Analysis of amino acids.
The method of Ellison et
al. (1987)
was used, with minor modification, for measurement of
amino acids. Briefly, the measurements were performed on an HPLC (BAS
200; Bioanalytical Systems) with electrochemical detection. A Rainin
C18 column (150 × 4.6 mm I.D., 5 µm, 100 Å) was used. The
mobile phase consisted of 0.1 M sodium phosphate (mono and
dibasic)/methanol buffer (63:37, v/v; pH 5.2). The derivatizing agent
consisted of o-phthaldialdehyde (50 mg), 2-mercaptoethanol (40 µl), absolute ethanol (0.9 ml) and 0.1 M borate buffer to make a
final volume of 10 ml. The glutamate peak was verified by retention
time, peak shape and comparison of samples with a standard consisting
of eight amino acids (aspartate, glutamate, glutamine, histidine,
arginine, glycine, taurine, and alanine; each at a concentration of 5 µM).
General experimental procedures.
One week after stereotaxic
surgery, each rat was anesthetized with ether, and an osmotic minipump
was implanted. An i.c.v. infusion of butorphanol, morphine or saline
was initiated and maintained for 3 days as described above. On the
third day after initiation of i.c.v. infusion, each rat was placed in
an individual stainless steel wire-bottom cage, and a plastic harness
was secured loosely around the chest.

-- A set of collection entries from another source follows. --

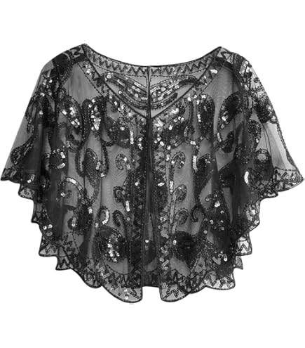 Retro Flapper Schal Mit Perlen & Pailletten - 1920er Jahre Cape Für Abendparty
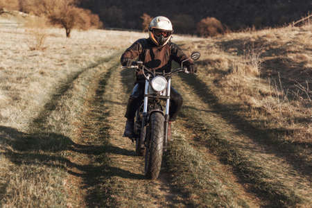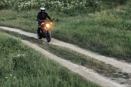 man in a black uniform on bike against the backdrop of panorama of field and blue sky. motorcycle travel concept
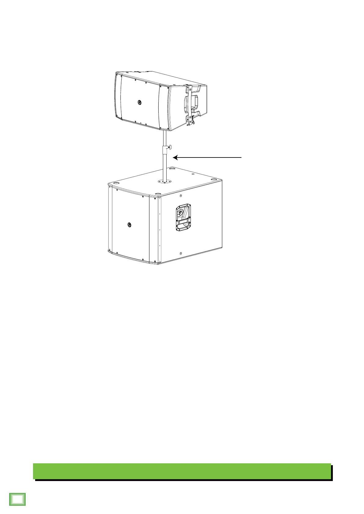 pole-mounted on a subwoofer, utilizing an SPM400 adjustable pole. Refer to page 22 to view a table listing other
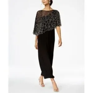 MSK Women's New Asymmetrical PL Beaded & pearl like Overlay …Gown in black 😎
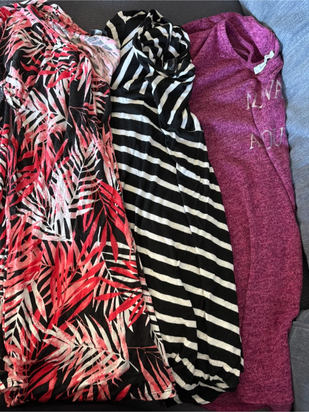 Selling a mixed lot of women's tops. The lot includes a black and red palm leaf print top, a black and white striped top, and a purple top. All are in great condition and ready for a new home!
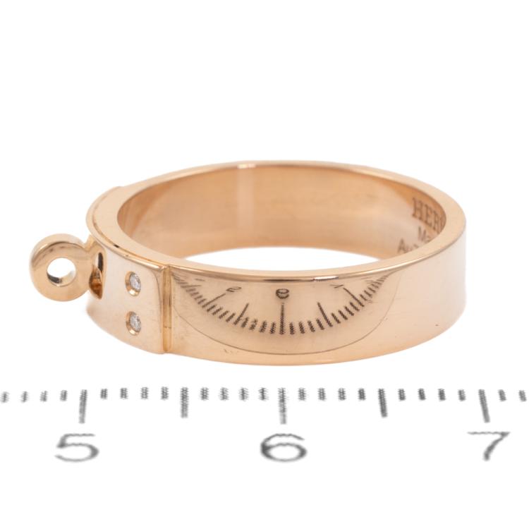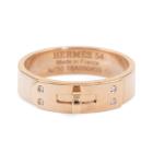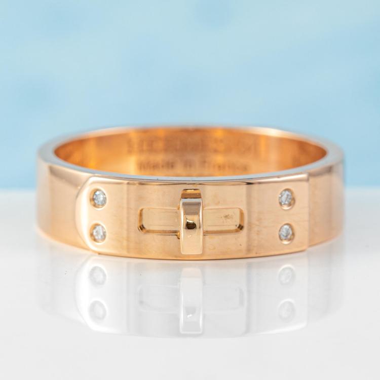 Hermes Kelly ring, small model with 4 round Natural Diamonds totalling 0.02ct. 18ct rose gold. Hermes stamped size 54, actual ring size N - ring resizing is not recommended. Width: 5mm. Made in France. Weight: 5.8g. (Pre-owned)
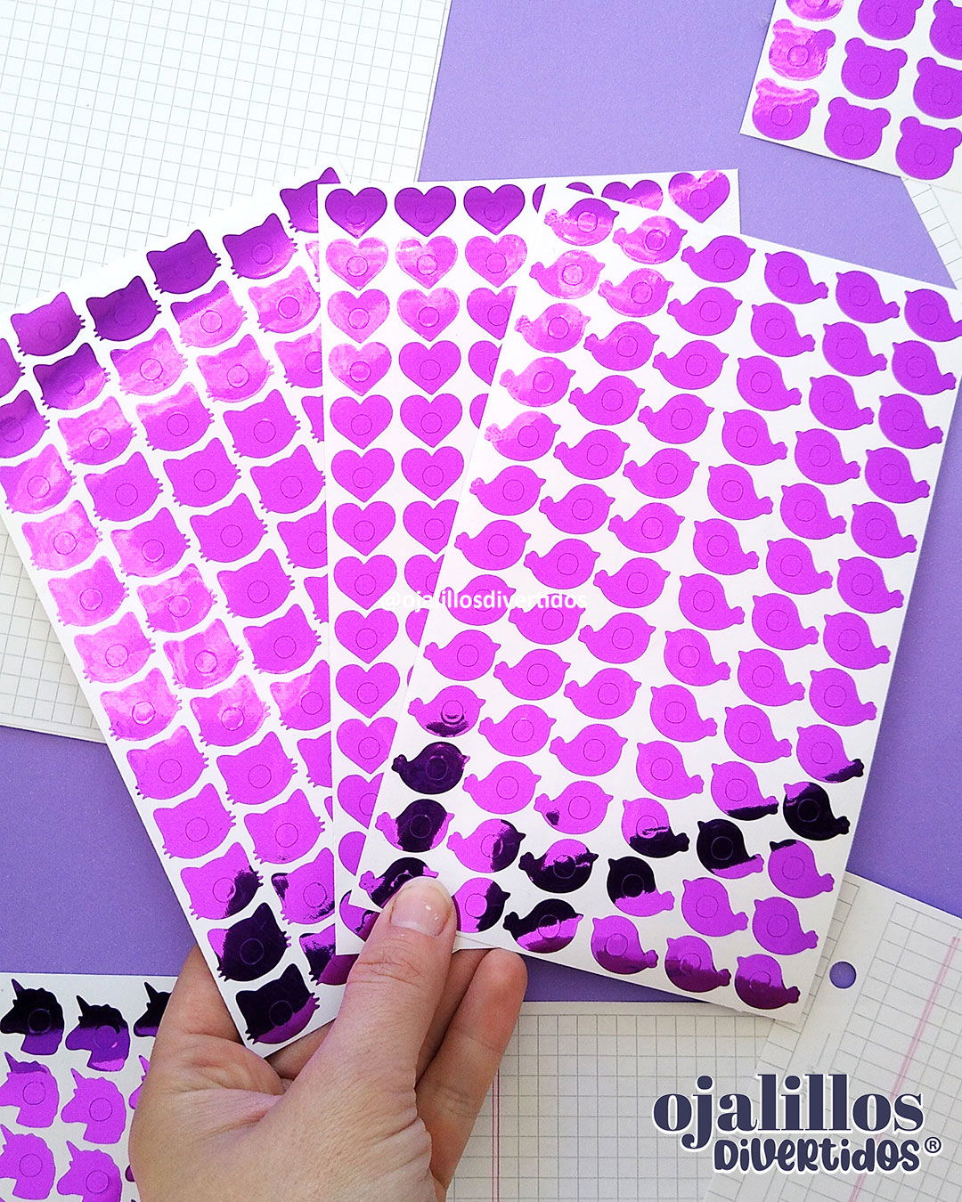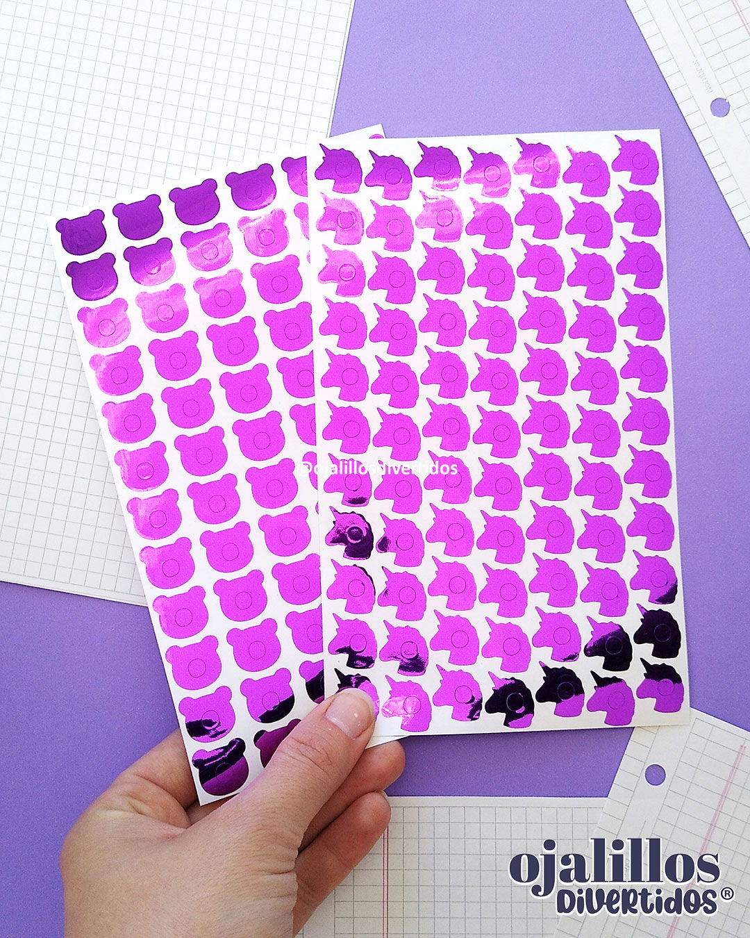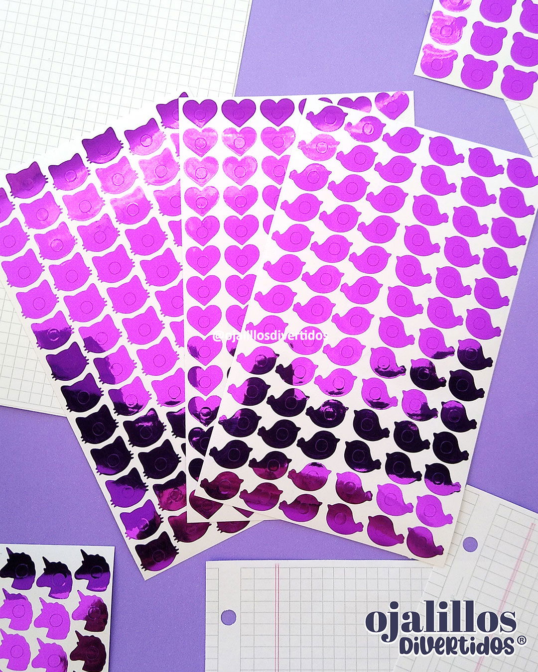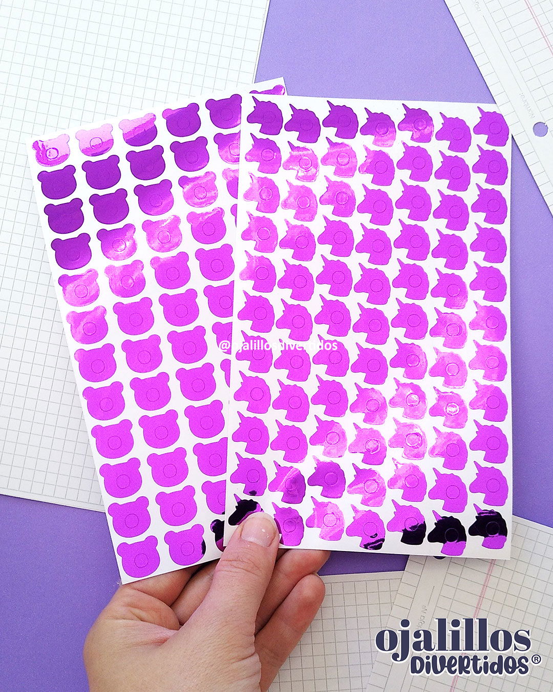 ¿Cuántos ojalillos trae cada planchita? / Amongus: 80 /  Blonda: 84 / Capibara: 54 / Círculo clásico: 104 / Círculo grande: 66 / Corazón: 84 (ó 98 dependiendo el lote) / Corona: 63 / Estrella: 84 / Flor: 84 / Frutilla: 70 / / Gatito: 72 / Manzana: 76 / Mariposa: 72 / Osito: 72 / Pajarito: 78 / Sirena: 72 / Tiktok: 73 / Unicornio: 77
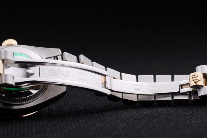 Bracelet de acero inoxidable: dos tonos pulsera de triple enlace en acero inoxidable pulido y oro amarillo de 18K chapado en acero con el grabado Rolex oculta broche de mostrar la longitud Rolex logo

This harness was tethered to a
microdialysis counterbalance arm, and a freshly calibrated
microdialysis probe was placed into the locus ceruleus guide cannula.
The probe was perfused for the initial 18 hr at a low flow rate (0.2 µl/min) using a CMA/100 microdialysis infusion pump. Each
experimental sequence began with disconnection of the tubing between
the osmotic minipump and the i.c.v. inlet cannula. The infusion rate
through the probe was increased to 2 µl/min for an equilibration
period of 2 to 3 hr. Thereafter, a series of four or five sequential 15-min samples were collected for determination of basal concentrations of glutamate and aspartate. Nor-binaltorphimine was injected i.c.v. (48 nmol/5 µl) over a 5-min period using a hand-held microliter syringe.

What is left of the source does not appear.